For this case *gcp-nuke* supports presets of filters, that can applied on
multiple accounts. A configuration could look like this:
```yaml
---
regions:
- global
- us-central1
account-blocklist:
- bootstrap-12345
accounts:
playground-12345:
presets:
- "common"
dev-9484:
presets:
- "common"
- "terraform"
sandbox-134313:
presets:
- "common"
- "terraform"
filters:
IAMRole:
- "notebook"
presets:
terraform:
filters:
StorageBucket:
- type: glob
value: "my-statebucket-*"
DynamoDBTable:
- "terraform-lock"
common:
filters:
IAMRole:
- custom-role
```
## Included and Excluding
*gcp-nuke* deletes a lot of resources and there might be added more at any release. Eventually, every resource should
get deleted. You might want to restrict which resources to delete. There are multiple ways to configure this.

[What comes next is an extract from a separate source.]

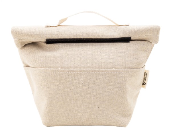 Geantă frigorifică, roll-top, din pânză reciclată, cu buzunar frontal, căptușeală din aluminiu și închidere cu velcro. 70% bumbac reciclat și 30% poliester RPET. Cu etichetă distinctivă din bumbac reciclat.

One way are filters, which already got mentioned. This requires to know the identifier of each resource. It is also
possible to prevent whole resource types (eg `StorageBucket`) from getting deleted with two methods.
It is also possible to configure the resource types in the config file like in these examples:
```yaml
regions:
- us-central1
blocklist:
- playground-12345
resource-types:
# Specifying this in the configuration will ensure that only these three
# resources are targeted by gcp-nuke during it's run.
includes:
- StorageBucketObject
- StorageBucket
- IAMRole
accounts:
playground-12345: {}
```
```yaml
regions:
- us-central1
blocklist:
- production-12345
resource-types:
# Specifying this in the configuration will ensure that these resources
# will be specifically excluded from gcp-nuke during it's run.
excludes:
- IAMRole
accounts:
playground-12345: {}
```
If `includes` are specified in multiple places (e.g. CLI and account specific), then a resource type must be specified
in all places. In other words each configuration limits the previous ones.
If an `exclude` is used, then all its resource types will not be deleted.
**Hint:** You can see all available resource types with this command:
```bash
gcp-nuke resource-types
```
It is also possible to include and exclude resources using the command line arguments:
- The `--include` flag limits nuking to the specified resource types.
- The `--exclude` flag prevent nuking of the specified resource types.